Only the pictures should be left out; repeat the rest of the data exactly.

▶ _Source data_:
- - - - -
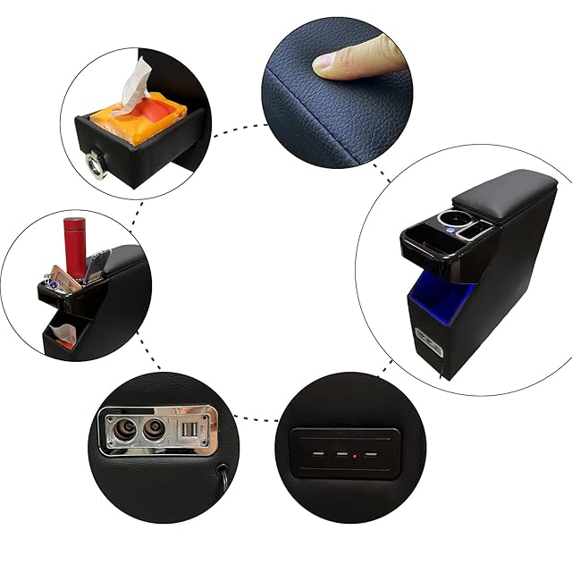 最新型コンソールボックス:1.後部にティッシュ収納ボックスも設置しており、収納スペースを増えます。2.ブルーのLED灯が付き、夜車内が暗い時、小物を探すことに便利になります。車内の灯を開けることが要らなく、運転の安全を確保する。3.シガーソケット(上部:1ポート 前面:2ポート),前席+後席に 5口USBポートを増設、後部座席の乗客にも便利になります。
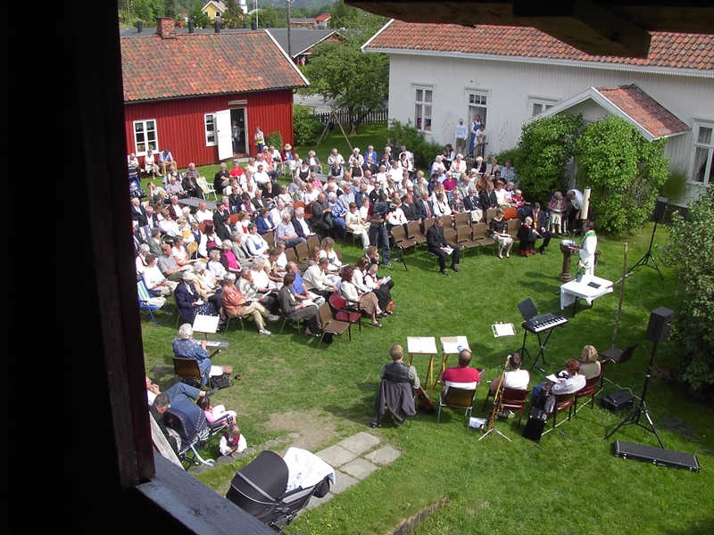 Gudstjeneste og barnedåp på Tunet: Bygdetunet i Kvelde er ei fin ramme for både gudstjenester og andre arrangementer. Foto: Tor Bjørvik
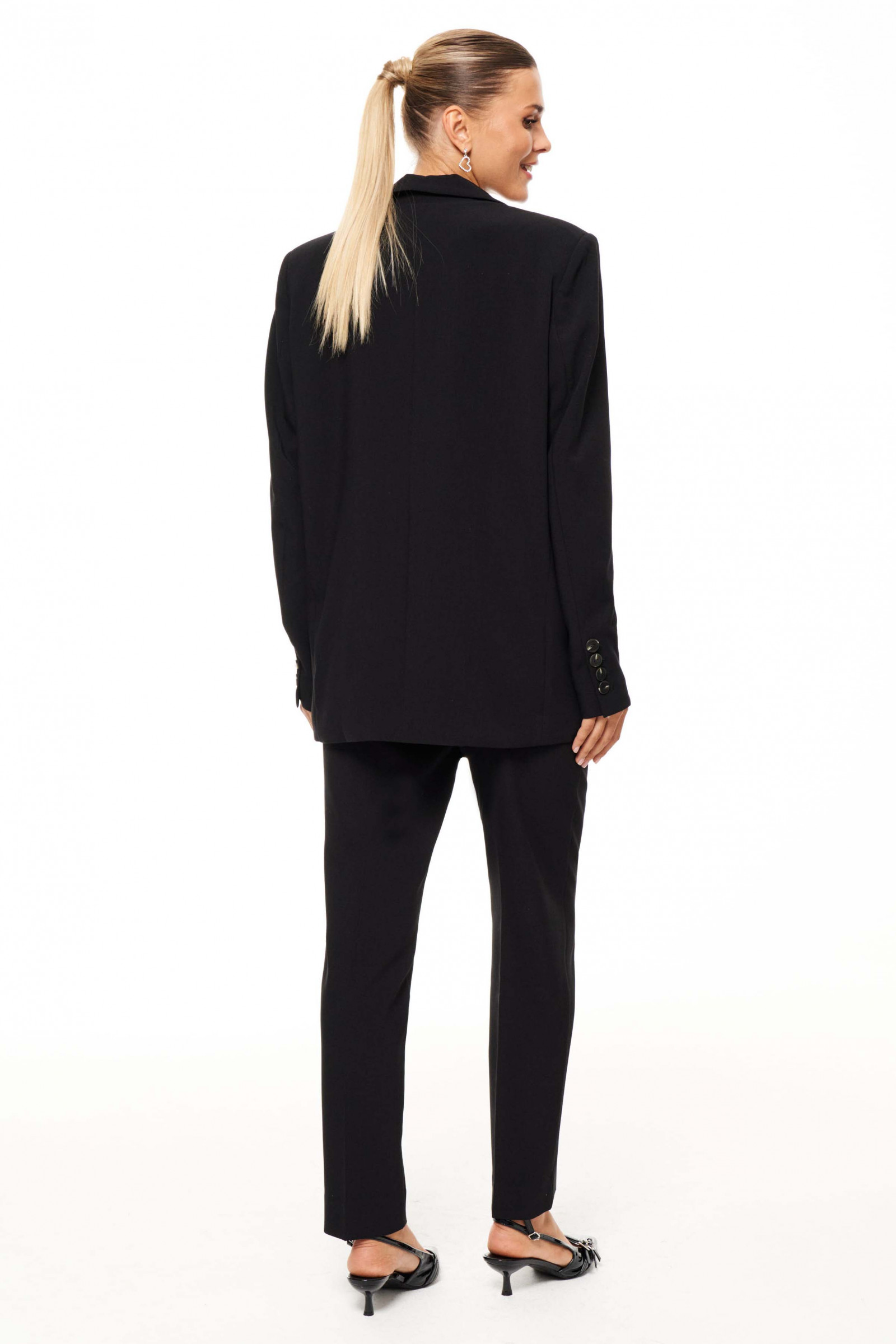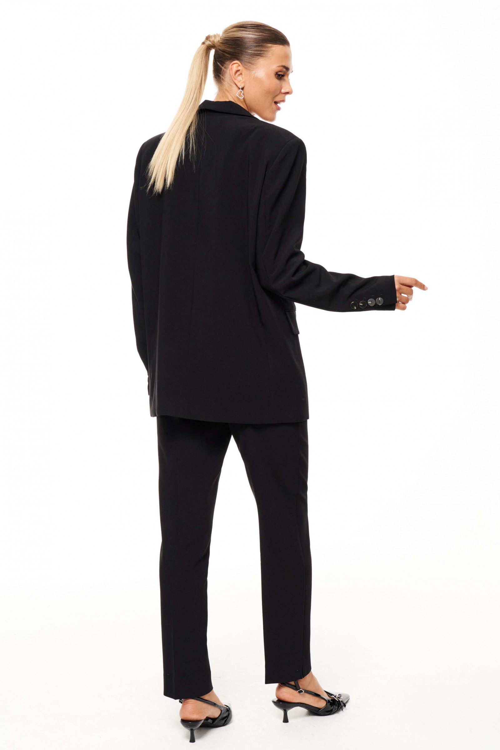 Этот женский жакет выполнен из поливискозной ткани, которая сочетает комфорт и приятное ощущение при носке, делая его идеальным для повседневного использования. Модель обладает классическим силуэтом с центральной бортовой застежкой на одну обметанную петлю и пуговицу, что обеспечивает удобство и стильный внешний вид. Передняя часть жакета украшена двумя карманами с клапанами, которые одновременно служат практичным элементом и дополняют его элегантный дизайн. Горловина аккуратно обработана пиджачным воротником, придающим образу строгий и завершенный вид. Длинные втачные рукава обеспечивают комфорт и свободу движений. Жакет полностью на поливискозной подкладке, что повышает комфорт при носке и позволяет легко надевать и снимать изделие. Выполненный в классическом черном оттенке, этот жакет станет универсальной частью гардероба, идеально сочетаясь как с деловым стилем, так и с более повседневными образами. Он подойдет для офисных будней, прогулок и различных мероприятий, добавляя образу лаконичность и элегантность.
- - - - -
▶ _Answer space_:
 最新型コンソールボックス:1.後部にティッシュ収納ボックスも設置しており、収納スペースを増えます。2.ブルーのLED灯が付き、夜車内が暗い時、小物を探すことに便利になります。車内の灯を開けることが要らなく、運転の安全を確保する。3.シガーソケット(上部:1ポート 前面:2ポート),前席+後席に 5口USBポートを増設、後部座席の乗客にも便利になります。
 Gudstjeneste og barnedåp på Tunet: Bygdetunet i Kvelde er ei fin ramme for både gudstjenester og andre arrangementer. Foto: Tor Bjørvik
 Этот женский жакет выполнен из поливискозной ткани, которая сочетает комфорт и приятное ощущение при носке, делая его идеальным для повседневного использования. Модель обладает классическим силуэтом с центральной бортовой застежкой на одну обметанную петлю и пуговицу, что обеспечивает удобство и стильный внешний вид. Передняя часть жакета украшена двумя карманами с клапанами, которые одновременно служат практичным элементом и дополняют его элегантный дизайн. Горловина аккуратно обработана пиджачным воротником, придающим образу строгий и завершенный вид. Длинные втачные рукава обеспечивают комфорт и свободу движений. Жакет полностью на поливискозной подкладке, что повышает комфорт при носке и позволяет легко надевать и снимать изделие. Выполненный в классическом черном оттенке, этот жакет станет универсальной частью гардероба, идеально сочетаясь как с деловым стилем, так и с более повседневными образами. Он подойдет для офисных будней, прогулок и различных мероприятий, добавляя образу лаконичность и элегантность.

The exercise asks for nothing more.